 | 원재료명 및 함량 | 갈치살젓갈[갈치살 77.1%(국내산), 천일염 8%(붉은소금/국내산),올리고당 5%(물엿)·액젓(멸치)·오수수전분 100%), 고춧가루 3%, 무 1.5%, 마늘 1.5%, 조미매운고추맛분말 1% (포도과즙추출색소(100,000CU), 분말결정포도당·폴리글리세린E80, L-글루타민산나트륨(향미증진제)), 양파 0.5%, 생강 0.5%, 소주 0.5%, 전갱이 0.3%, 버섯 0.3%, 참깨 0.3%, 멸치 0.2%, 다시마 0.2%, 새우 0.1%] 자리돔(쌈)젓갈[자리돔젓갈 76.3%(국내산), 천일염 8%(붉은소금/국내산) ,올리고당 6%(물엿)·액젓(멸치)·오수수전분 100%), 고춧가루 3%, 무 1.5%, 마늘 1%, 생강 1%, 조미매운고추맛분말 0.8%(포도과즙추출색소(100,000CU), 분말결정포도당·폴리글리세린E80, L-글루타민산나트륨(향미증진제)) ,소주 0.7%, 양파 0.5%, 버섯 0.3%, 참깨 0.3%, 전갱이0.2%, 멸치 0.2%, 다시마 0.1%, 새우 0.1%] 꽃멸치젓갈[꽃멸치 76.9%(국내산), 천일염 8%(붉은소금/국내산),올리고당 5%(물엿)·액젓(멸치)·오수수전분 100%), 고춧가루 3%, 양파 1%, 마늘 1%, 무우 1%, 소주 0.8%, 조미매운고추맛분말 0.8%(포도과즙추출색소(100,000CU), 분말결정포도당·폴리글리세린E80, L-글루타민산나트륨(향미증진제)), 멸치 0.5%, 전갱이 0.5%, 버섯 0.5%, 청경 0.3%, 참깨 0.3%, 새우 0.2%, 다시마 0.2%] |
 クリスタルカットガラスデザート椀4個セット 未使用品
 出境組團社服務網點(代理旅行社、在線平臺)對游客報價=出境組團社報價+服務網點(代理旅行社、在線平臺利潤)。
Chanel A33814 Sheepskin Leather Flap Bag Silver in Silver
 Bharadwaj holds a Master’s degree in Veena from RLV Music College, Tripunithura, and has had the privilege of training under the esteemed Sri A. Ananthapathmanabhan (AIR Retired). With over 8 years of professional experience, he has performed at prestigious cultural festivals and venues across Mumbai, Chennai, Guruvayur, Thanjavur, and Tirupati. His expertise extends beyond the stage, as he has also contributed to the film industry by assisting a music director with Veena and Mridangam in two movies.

++++++++++

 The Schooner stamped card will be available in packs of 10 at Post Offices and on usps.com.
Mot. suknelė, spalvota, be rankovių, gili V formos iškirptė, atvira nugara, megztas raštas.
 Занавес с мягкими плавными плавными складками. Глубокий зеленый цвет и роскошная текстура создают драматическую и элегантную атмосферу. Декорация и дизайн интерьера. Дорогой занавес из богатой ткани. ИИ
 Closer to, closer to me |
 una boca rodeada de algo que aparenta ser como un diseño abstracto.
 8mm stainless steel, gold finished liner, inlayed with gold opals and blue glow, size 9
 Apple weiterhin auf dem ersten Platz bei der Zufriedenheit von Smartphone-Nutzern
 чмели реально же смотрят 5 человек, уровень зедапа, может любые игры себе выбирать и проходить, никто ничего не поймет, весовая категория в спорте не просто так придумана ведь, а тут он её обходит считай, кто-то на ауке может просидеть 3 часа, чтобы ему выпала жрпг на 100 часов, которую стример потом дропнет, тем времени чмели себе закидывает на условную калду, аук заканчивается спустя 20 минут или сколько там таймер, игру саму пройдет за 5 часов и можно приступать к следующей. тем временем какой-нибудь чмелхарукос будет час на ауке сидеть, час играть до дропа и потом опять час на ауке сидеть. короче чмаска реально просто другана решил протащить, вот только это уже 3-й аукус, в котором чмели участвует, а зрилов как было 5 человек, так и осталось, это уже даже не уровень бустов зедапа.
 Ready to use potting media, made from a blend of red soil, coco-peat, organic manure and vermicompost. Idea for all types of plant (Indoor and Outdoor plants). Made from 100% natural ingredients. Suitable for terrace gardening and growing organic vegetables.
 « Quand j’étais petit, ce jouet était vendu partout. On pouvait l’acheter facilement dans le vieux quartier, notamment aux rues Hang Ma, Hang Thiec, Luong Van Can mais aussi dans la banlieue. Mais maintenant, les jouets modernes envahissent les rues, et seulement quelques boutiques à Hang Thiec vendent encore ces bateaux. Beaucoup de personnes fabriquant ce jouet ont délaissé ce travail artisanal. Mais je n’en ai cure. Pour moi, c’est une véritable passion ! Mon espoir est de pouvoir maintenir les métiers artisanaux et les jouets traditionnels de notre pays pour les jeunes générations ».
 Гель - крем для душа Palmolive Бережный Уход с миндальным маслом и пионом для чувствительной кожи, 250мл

++++++++++

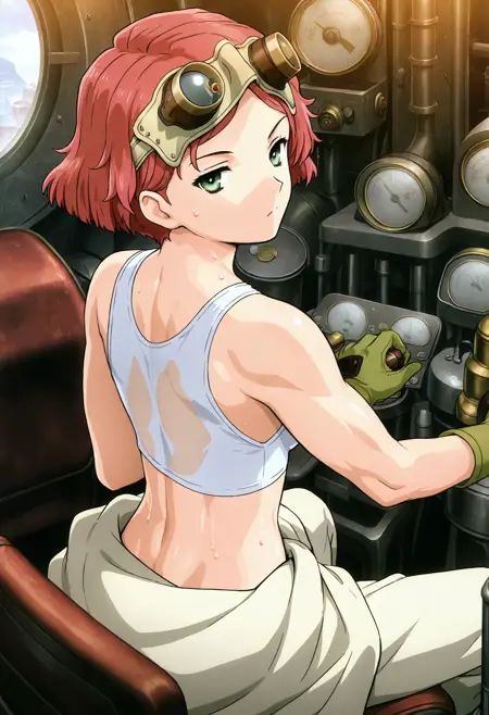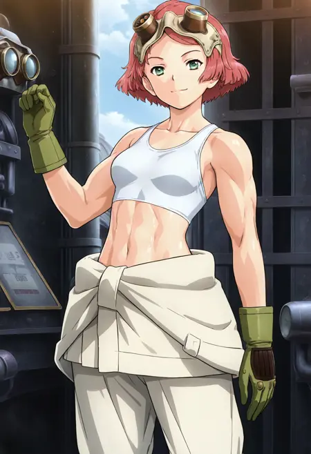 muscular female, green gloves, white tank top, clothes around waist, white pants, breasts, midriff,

++++++++++

> _EXERCISE DETAILS_: Using the material above, transcribe exactly the lines from the line with "una boca rodeada" to the line with "Apple weiterhin auf"; both count, and nothing else goes in.

> _THE ANSWER_:
 una boca rodeada de algo que aparenta ser como un diseño abstracto.
 8mm stainless steel, gold finished liner, inlayed with gold opals and blue glow, size 9
 Apple weiterhin auf dem ersten Platz bei der Zufriedenheit von Smartphone-Nutzern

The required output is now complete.